Is United Debt Relief a lender?
No. United Debt Relief is a debt relief organization. We connect clients with vetted lending partners in our nationwide network. All loans are made by licensed, regulated financial institutions.
What credit score do I need for a debt consolidation loan?
Credit score requirements vary by lender. Generally, borrowers with scores of 660 or above access the most competitive rates. Borrowers with scores below 660 may still qualify with some lenders in our network, though at higher rates. If your credit score is not yet strong enough for a favorable loan, we may recommend a Credit Repair program to strengthen your profile first — then revisit consolidation once your score improves.
Can I get a debt consolidation loan with bad credit?
It depends on how you define bad credit and how much debt you need to consolidate. Some lenders in our network work with credit profiles in the 580–660 range. However, if your credit score significantly reduces the loan terms available, consolidation may cost more in interest than it saves. Your free consultation will assess whether consolidation makes mathematical sense for your specific situation — or whether Debt Settlement or Debt Validation would serve you better.
How is a debt consolidation loan different from debt settlement?

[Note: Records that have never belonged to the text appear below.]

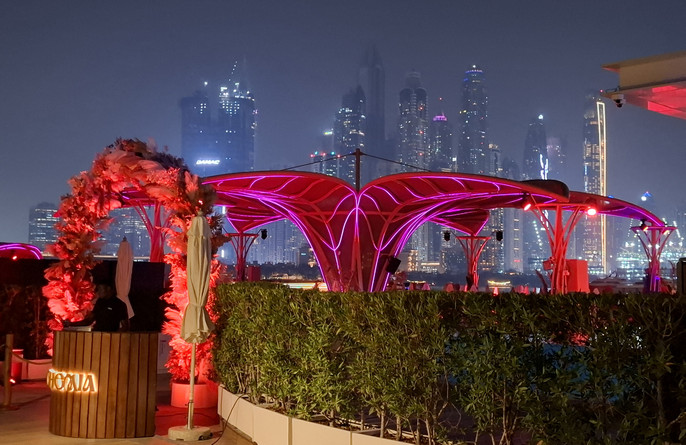 Невероятно, но мы сходили на концерт Todes. Он проходил как раз на последней ветке Пальмы. Более того, на самом Пальмовом острове есть постоянный филиал школы балета Аллы Духовой. У них снаружи на стенке большой экран,
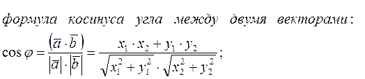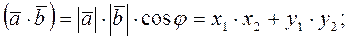 признак перпендикулярности: x1∙x2 + y1∙y2 = 0;
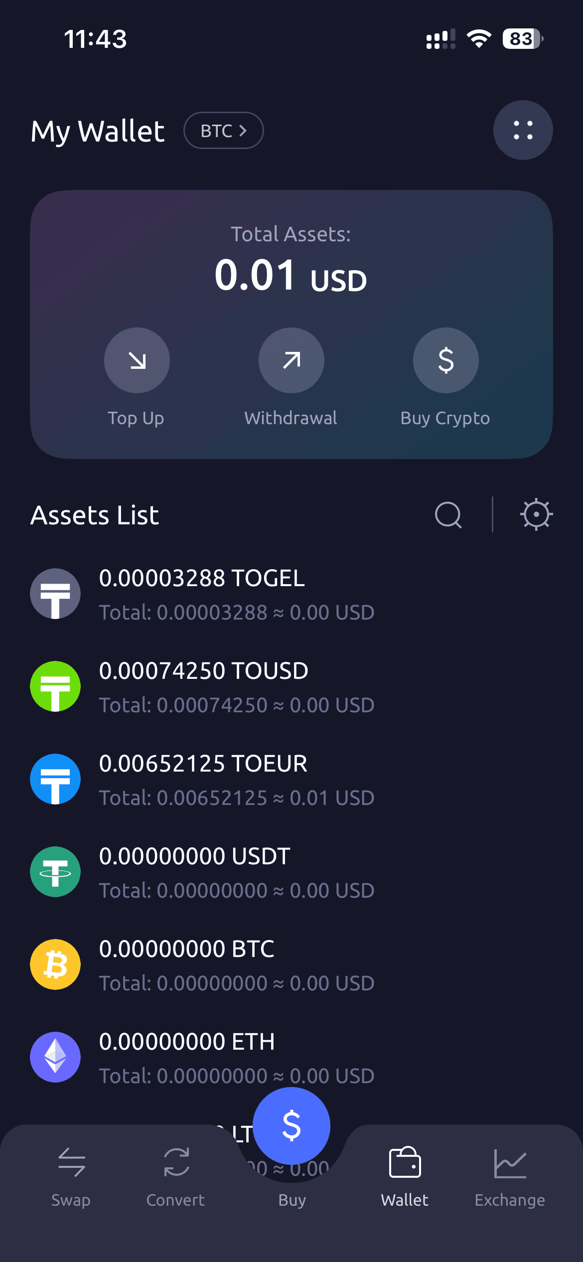 The Swap function allows users to exchange one crypto asset for another instantly. There is no need to use charts or trading interfaces. Users simply select the crypto they want to swap and choose the asset they want to receive.
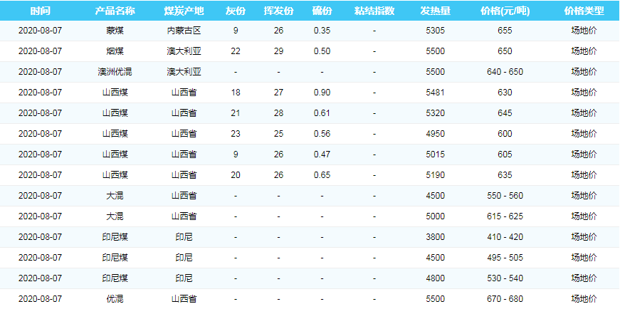 2020年8月7日广州港煤炭价格
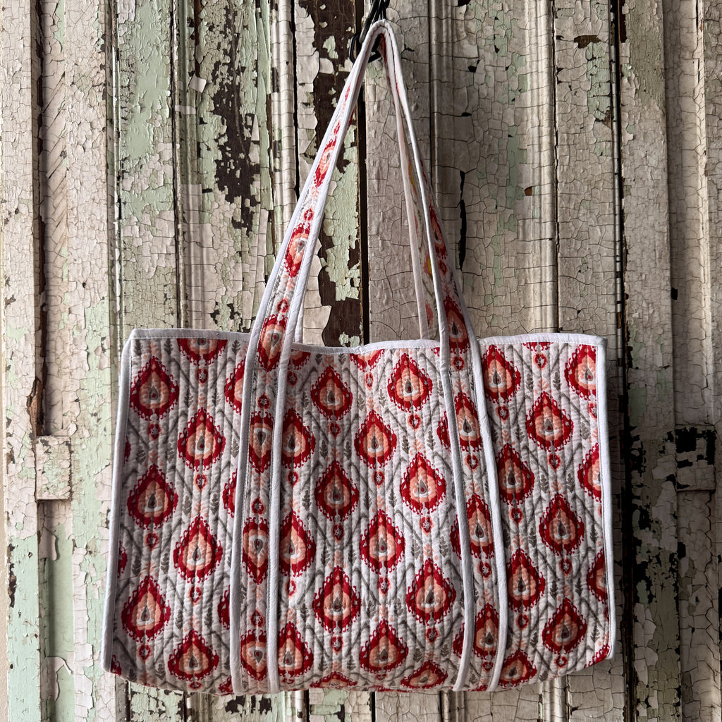 Handmade Reversible Shopper - Small, Paisley Flame, Red
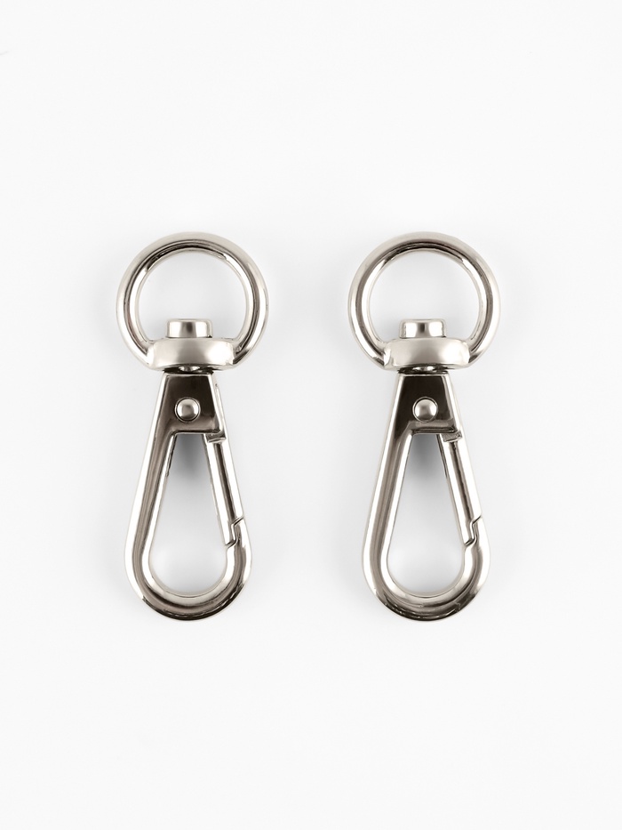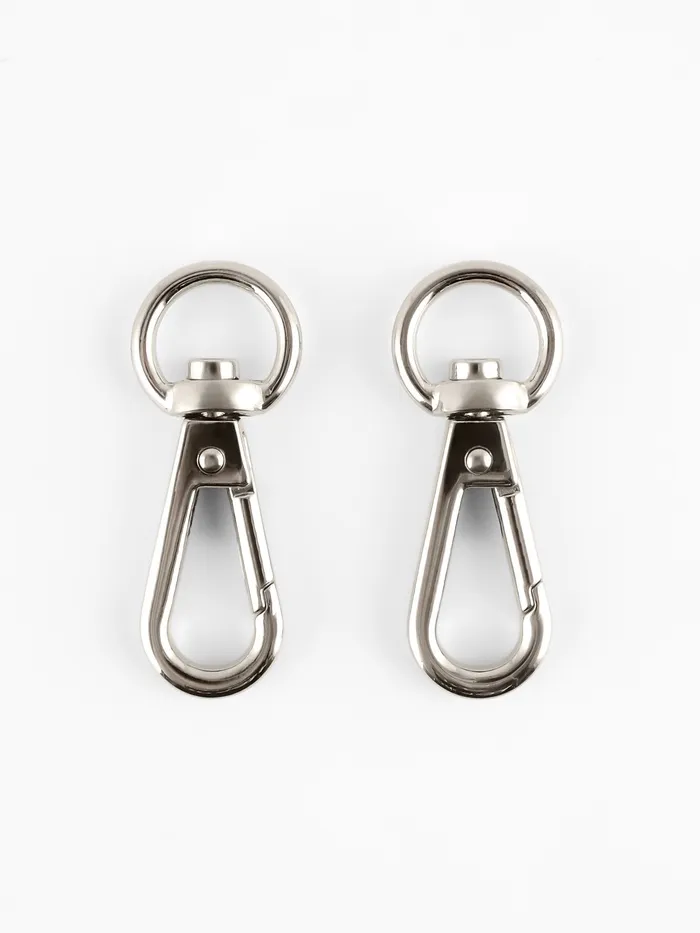 Металлические карабины в серебристом цвете — практичная фурнитура для сумок, рюкзаков, ремней и брелоков. Простая форма делает их удобными в использовании, а универсальный дизайн подходит как для ремонта, так и для пошива новых аксессуаров. Небольшой вес не снижает прочности, обеспечивая надёжное соединение деталей.
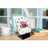 Quartz table clock made of wood. The set includes the clock and its base, the mechanism, and the installation instructions.
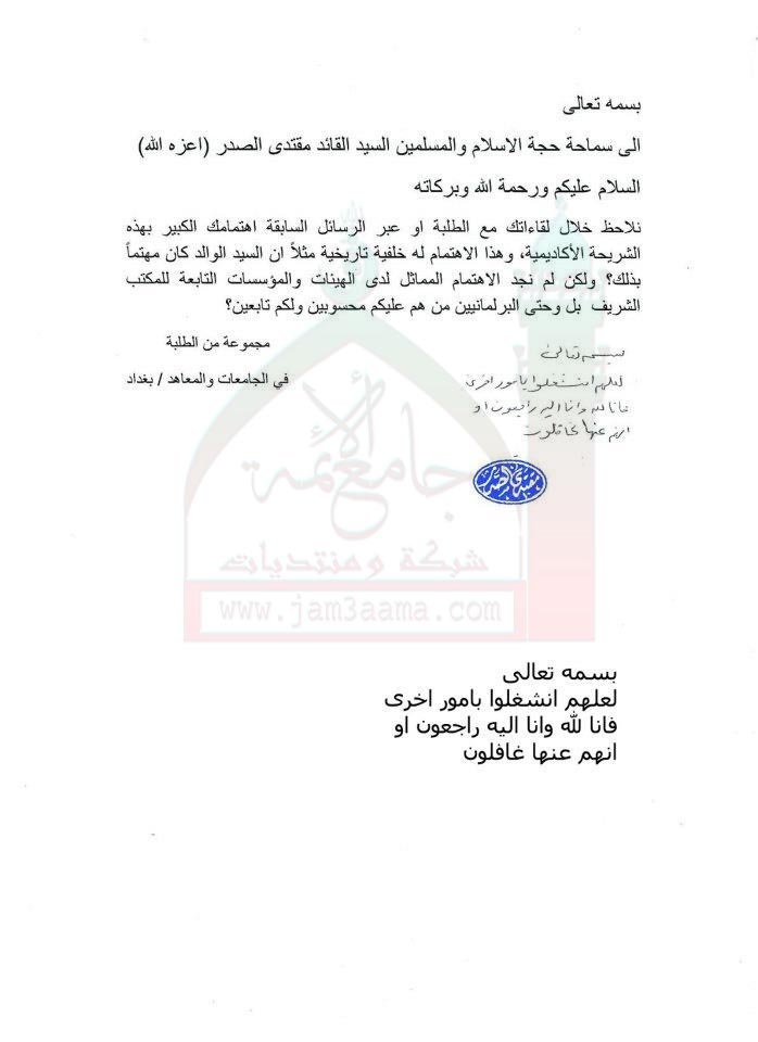اهتمام السيد القائد مقتدى الصدر بشريحة الاكاديميين استفتاء للسيد القائد مقتدى الصدر 31/10/2011
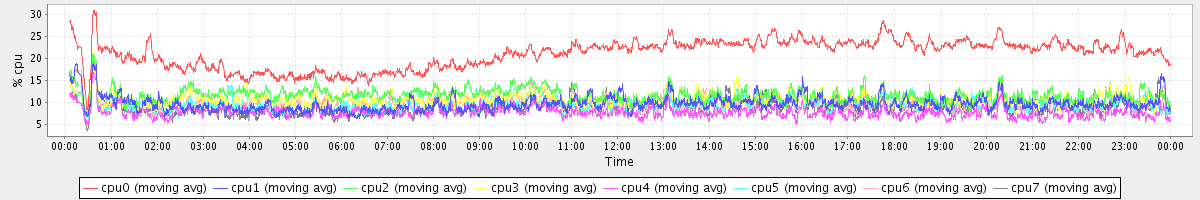 avg(cpu0) = 1.49 avg(cpu1) = 0.13 avg(cpu2) = 0.22 avg(cpu3) = 0.11 avg(cpu4) = 0.07 avg(cpu5) = 0.08 avg(cpu6) = 0.14 avg(cpu7) = 0.08
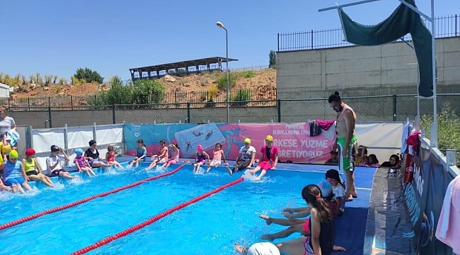 Malatya'nın Doğanşehir ilçesinde çocuk ve gençler portatif yüzme havuzunda hem yüzme öğrenip hem de serinleyerek havuz keyfi yaşıyor
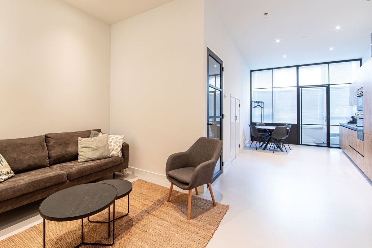 Aan de overkant van de keuken bevindt zich een praktische wasruimte met aansluitingen voor wasmachine en droger, evenals een keurige toiletruimte met wandcloset en fontein. De woonkamer, gelegen in het verlengde van de keuken, biedt voldoende ruimte voor een gezellige zithoek. De hele woning is afgewerkt met strak gestuukte wanden en een lichte gietvloer, voorzien van comfortabele vloerverwarming.
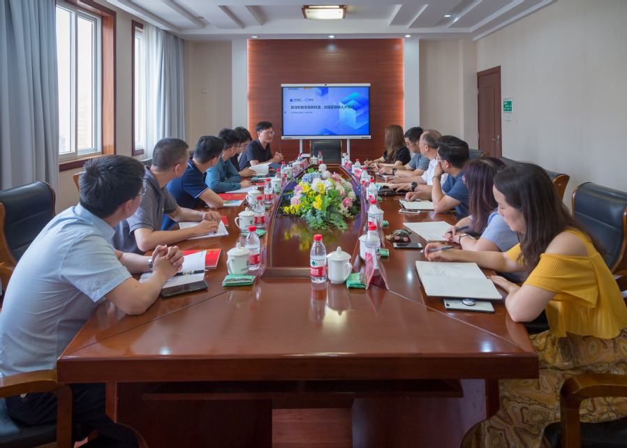 6月28日,杭州蚂蚁链产教融合发展中心林旺、江山等来学校就区块链人才培养促进产业发展主题进行考察交流,校党委书记陶书中出席会议。

A debt consolidation loan pays your full balances by replacing multiple debts with one new loan at a fixed rate — you still repay everything you owe, just more efficiently. Debt settlement negotiates with creditors to actually reduce the total balance you owe, often by 40 to 50 percent before fees, in exchange for a lump-sum payment. Consolidation is best for people who can afford to repay in full and want to simplify payments and reduce interest. Settlement is best for people in genuine financial hardship who cannot realistically repay the full amount.